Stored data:

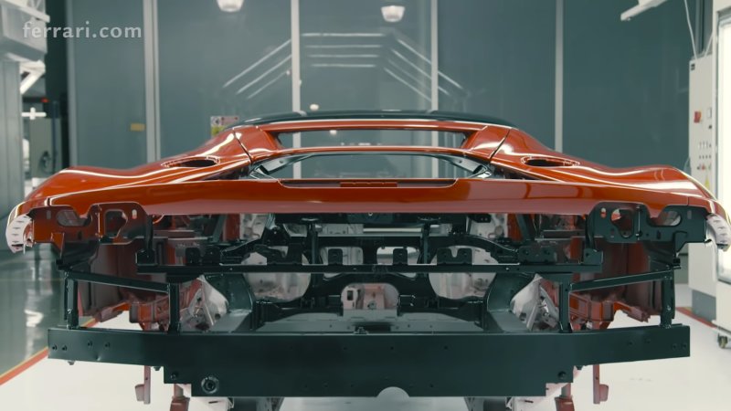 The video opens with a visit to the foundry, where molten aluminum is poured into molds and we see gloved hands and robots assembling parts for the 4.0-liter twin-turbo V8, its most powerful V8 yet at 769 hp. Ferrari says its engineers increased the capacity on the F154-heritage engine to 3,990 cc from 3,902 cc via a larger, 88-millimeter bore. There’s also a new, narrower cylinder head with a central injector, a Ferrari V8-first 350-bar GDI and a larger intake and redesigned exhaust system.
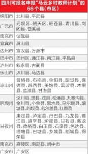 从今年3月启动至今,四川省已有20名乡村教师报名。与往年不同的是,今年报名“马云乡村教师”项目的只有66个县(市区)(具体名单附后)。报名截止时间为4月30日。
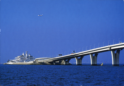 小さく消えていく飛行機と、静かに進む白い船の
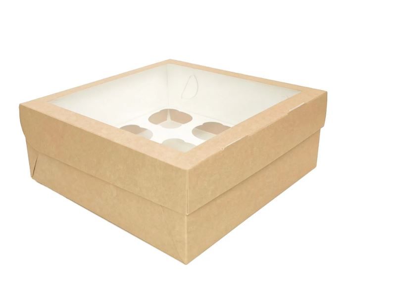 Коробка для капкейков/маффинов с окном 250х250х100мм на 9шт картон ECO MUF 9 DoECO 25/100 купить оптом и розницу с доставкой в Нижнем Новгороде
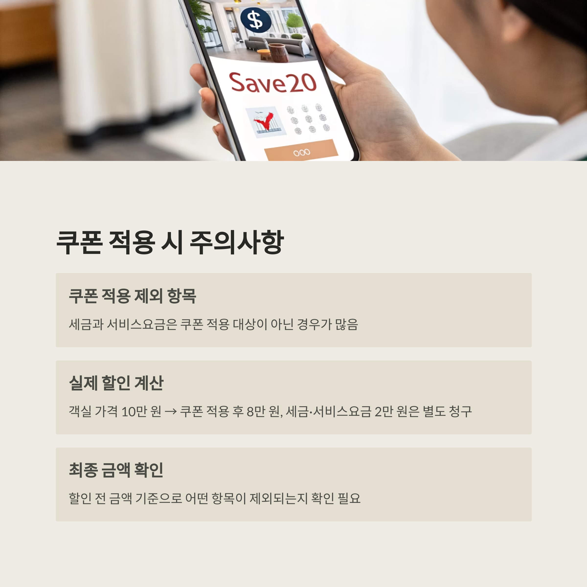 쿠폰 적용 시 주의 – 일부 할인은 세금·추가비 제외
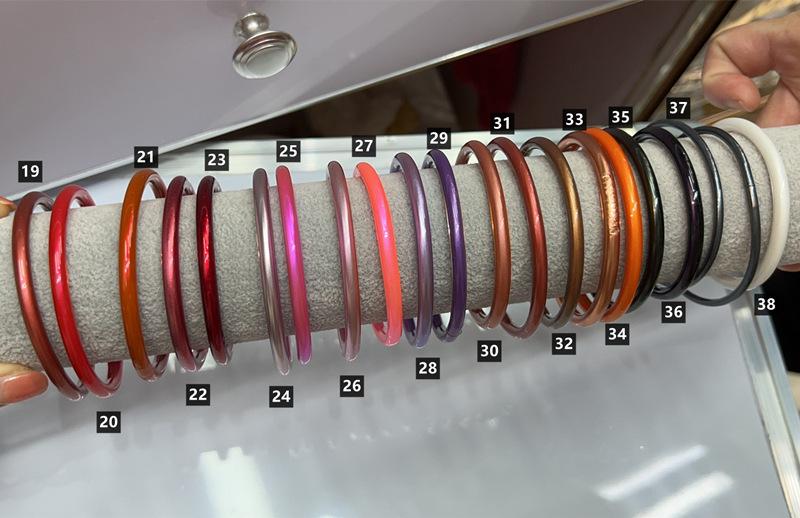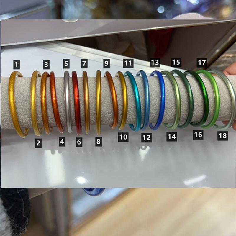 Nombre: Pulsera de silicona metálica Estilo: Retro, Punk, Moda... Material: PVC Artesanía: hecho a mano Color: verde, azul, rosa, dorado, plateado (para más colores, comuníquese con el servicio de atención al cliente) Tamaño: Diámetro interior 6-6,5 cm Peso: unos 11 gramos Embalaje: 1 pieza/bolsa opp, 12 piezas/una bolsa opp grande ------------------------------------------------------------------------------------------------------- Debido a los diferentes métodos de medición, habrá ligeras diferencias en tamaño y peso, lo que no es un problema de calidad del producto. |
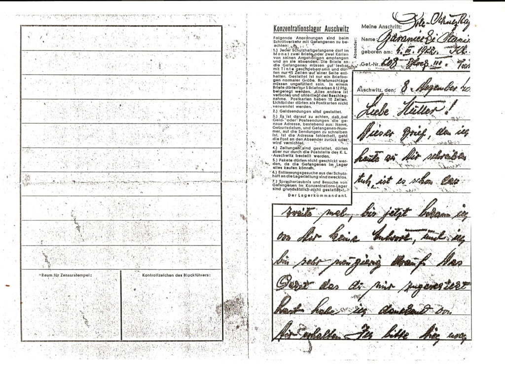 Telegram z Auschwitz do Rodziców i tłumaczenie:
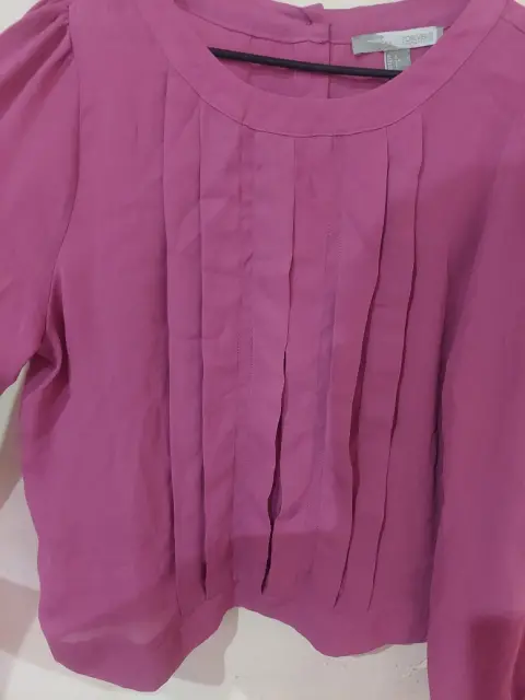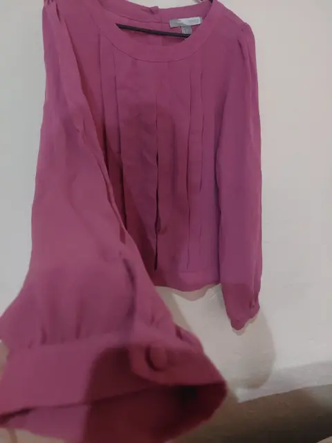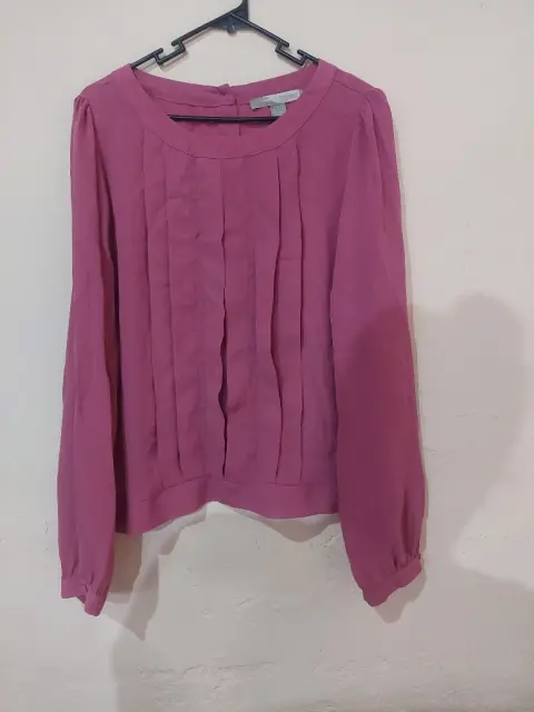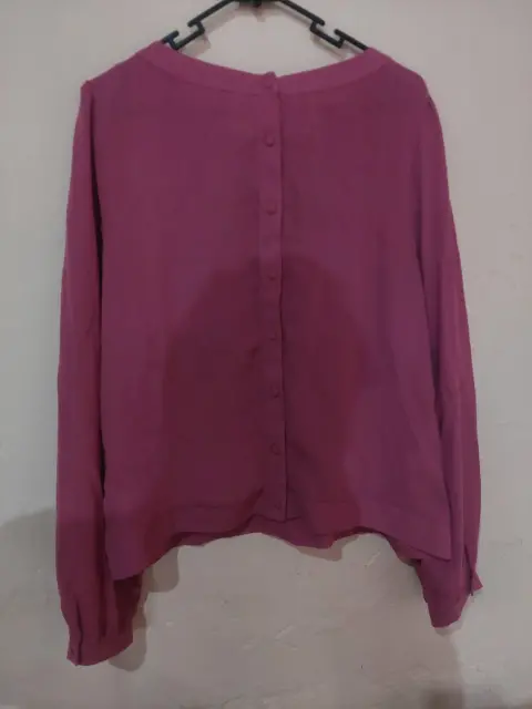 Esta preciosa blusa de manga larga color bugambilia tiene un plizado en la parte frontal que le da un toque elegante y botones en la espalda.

> ASSIGNMENT
Would you please repeat only the lines above, beginning at the one that has "从今年3月启动至今,四川省已" and stopping after the one that has "쿠폰 적용 시 주의 – 일부 할인은 세금·추가비 제외", exactly and with no pictures?

> PROBLEM SOLUTION
 从今年3月启动至今,四川省已有20名乡村教师报名。与往年不同的是,今年报名“马云乡村教师”项目的只有66个县(市区)(具体名单附后)。报名截止时间为4月30日。
 小さく消えていく飛行機と、静かに進む白い船の
 Коробка для капкейков/маффинов с окном 250х250х100мм на 9шт картон ECO MUF 9 DoECO 25/100 купить оптом и розницу с доставкой в Нижнем Новгороде
 쿠폰 적용 시 주의 – 일부 할인은 세금·추가비 제외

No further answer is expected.